Our study may have some limitations. Firstly, only short straight-line gait has been studied, whereas the u-turn may provide valuable information in monitoring neurological pathologies [55, 56]. Secondly, the experiments took place in a safe, hospital environment. Even if these two conditions are suitable for the examination of gait in daily clinical practice, they do not reflect the patient’s gait in a free environment and may have limitations when transposing the method to real-life gait recordings. Finally, the gold standard we used has limitations in analyzing highly pathological steps. The GR automated step detection is ineffective since it relies on a well-paced right-left alternation respecting a median line. Even the manual annotation of steps via the GR software with a video fails when patients do not have a classic HS-TO stride sequence. For instance, in the case of foot drop, the stride’s initial contact will not always be the HS but could be a “Toe-Strike.” Additionally, in some patients, the foot does not leave the ground due to an important motor deficit, yet the foot moves and no longer really carries the body’s load. Bruening et al. suggests using different algorithms depending on the gait pattern [57]. For us, it is essential that one reproducible algorithm allows step detection for all gait patterns, particularly for longitudinal follow-up of operated patients, as surgery may significantly alter their gait. Furthermore, this raises the question of the step’s definition. While some teams consider Initial Contact and Final Contact as genuine GEs, we prefer to consider HS and TO, which define step stability during the StP. Thus, for foot drop, Toe-Strike could be considered part of the SwP since the patient has not yet stabilized their foot on the ground. Considering these factors, template analysis by IMU complements contact analysis by instrumented mats or force platforms.
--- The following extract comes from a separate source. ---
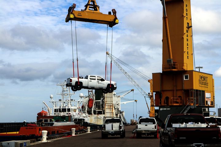 Seacor Marine LLC’s U.S.-flagged Liam J. McCall, a newly built aluminum fast support vessel, left Port Manatee carrying equipment including 10 work trucks, two generators and two containers of relief goods, as well as a dozen construction, maintenance and security workers.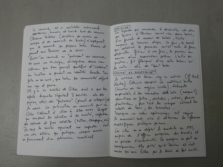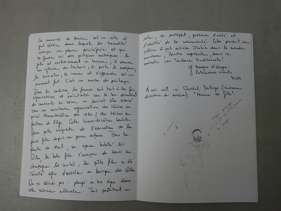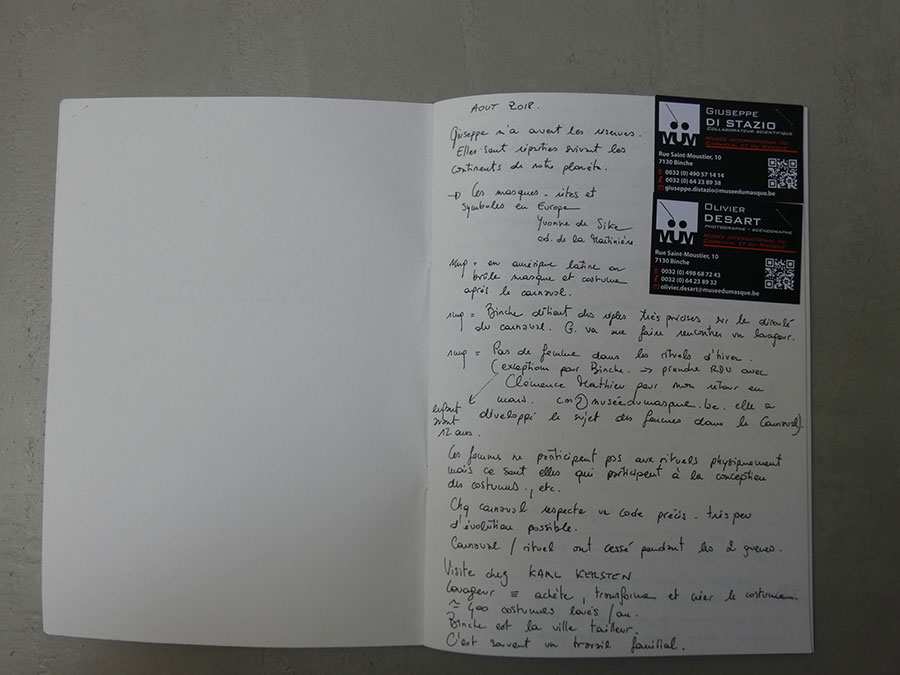 Prise de contact / rendez-vous : Musée international du carnaval et du masque, Binche, Clémence Mathieu et Guiseppe di Stazio.

Another issue to consider is the localization of wearable sensors for gait analysis [9, 58]. Trojanello et al. and Romijnders et al. use a shank sensor, which may be more sensitive to the anterior-posterior acceleration movement during the static phase, for which the foot sensor does not provide any information [23, 26]. This location may be more suitable for detecting gait events. However, for the analysis of step width and asymmetry, the sensor located on the foot will be more sensitive to variations and thus provide more relevant information. It is therefore a compromise between detecting gait events and analyzing gait parameters. It could also be interesting to use all 4 sensors to combine their interests, even if this would make deployment of the measurement more complex.

Conclusion

Our Adaptive Non-Linear Approach to Step Detection using IMU has proven to be effective in analyzing the gait of healthy individuals and some pathological gait, without the need for an annotated dictionary or the use of a gait recognizer. This innovative tool has the potential to enable real-time gait analysis of neurological patients and can be used as a routine clinical tool throughout their follow-up. Our next objective is to provide an instantaneous gait analysis that can be deployed in clinical routines.